Wydrukuj tę stronę

Zimowy biwak z Uderz w Drogę

Czytany 419 razy
Wiadomości;

Patrycja i Mateusz z Uderz w drogę nie próżnują i wykorzystują każdą wolną chwilę na podróż. Tym razem wraz z namiotem Alutop 3 wybrali się na zimowy biwak. Tak zrelacjonowali nam swoje mroźne doświadczenia:



Biwak zimą to zupełnie inny wymiar podróżowania. Jeśli myślałeś, że latem wszystko zajmuje dużo czasu, to zimą potrzeba go jeszcze więcej! Prawdziwa szkoła tego, jak powinno wyglądać podróżowanie w trybie "slow".

Wybraliśmy się na niego jak na każdy inny biwak, zabierając ze sobą dużą ilość ciepłych rzeczy, skarpet, podgrzewaczy do rąk i nóg, kocy wraz z kubkami termicznymi, do których wieczorem wlewaliśmy napoje rozgrzewające. 

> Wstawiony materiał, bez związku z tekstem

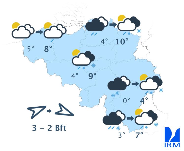 Le temps sera variable avec de fréquents passages pluvieux et quelques moments plus secs. Les températures remonteront entre 5 et 9 degrés.
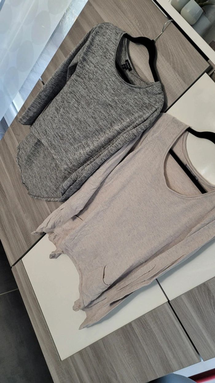 Lot de 2 pulls asymétriques amisu 3 suisse taille s Beige gris

Wybraliśmy się w okolice Karapcza, gdyż naszym celem było wyjście następnego dnia na szlak. Stanęliśmy na końcu Drogi Sudeckiej w Borowicach, tuż przed zakazem wjazdu. Jest tam niewielki parking, który prezentował się bardzo klimatycznie cały zasypany grubą warstwą śniegu. Rozpaliliśmy ognisko, rozłożyliśmy markizę i podgrzaliśmy wino. W ruch poszły podgrzewacze do stóp, koce na fotele i w ten sposób można było celebrować pierwszy biwak w bajkowej scenerii zasypanych gór.

 

 

Nasze pierwsze spanie w minusowej temperaturze, w śnieżnej aurze zaliczyliśmy w styczniu. Czekaliśmy na nie kilka ładnych lat, w końcu porządnie zmotywowani chęcią wydłużenia sezonu postanowiliśmy zainwestować w webasto.

Pierwsze o czym muszę wspomnieć, to wręcz luksusowy komfort cieplny. W namiocie już po kilkunastu sekundach zrobiło się przyjemnie ciepło. Co ciekawe, nasz model, czyli Alutop 3 nie wytraca szybko ciepła - szczerze powiedziawszy, spodziewałam się, że już po chwili od wyłączenia grzania będzie w nim lodowato.

Bardzo pozytywnie zaskoczył nas również fakt, że na ściankach nie zbierał się kondensat. Jego minimalną ilość zauważyliśmy na ścianie od strony nóg.  W namiocie spaliśmy bez podpinki wewnątrz namiotu. Najwięcej problemu przysporzyły nam zamarznięte okucia, które bez większego wahania i obaw, mogliśmy potraktować młotkiem. Rano bardzo pomocny okazał się także "śmiatek", mikromiotełka, którą mogliśmy strząsnąć zalegający śnieg z namiotu i daszków. Przed zamknięciem warto namiot jeszcze raz dokładnie osuszyć za pomocą webasto i wsadzić do niego woreczki zbierające wilgoć, by wasz namiot bez szwanku przetrwał te niedogodne warunki.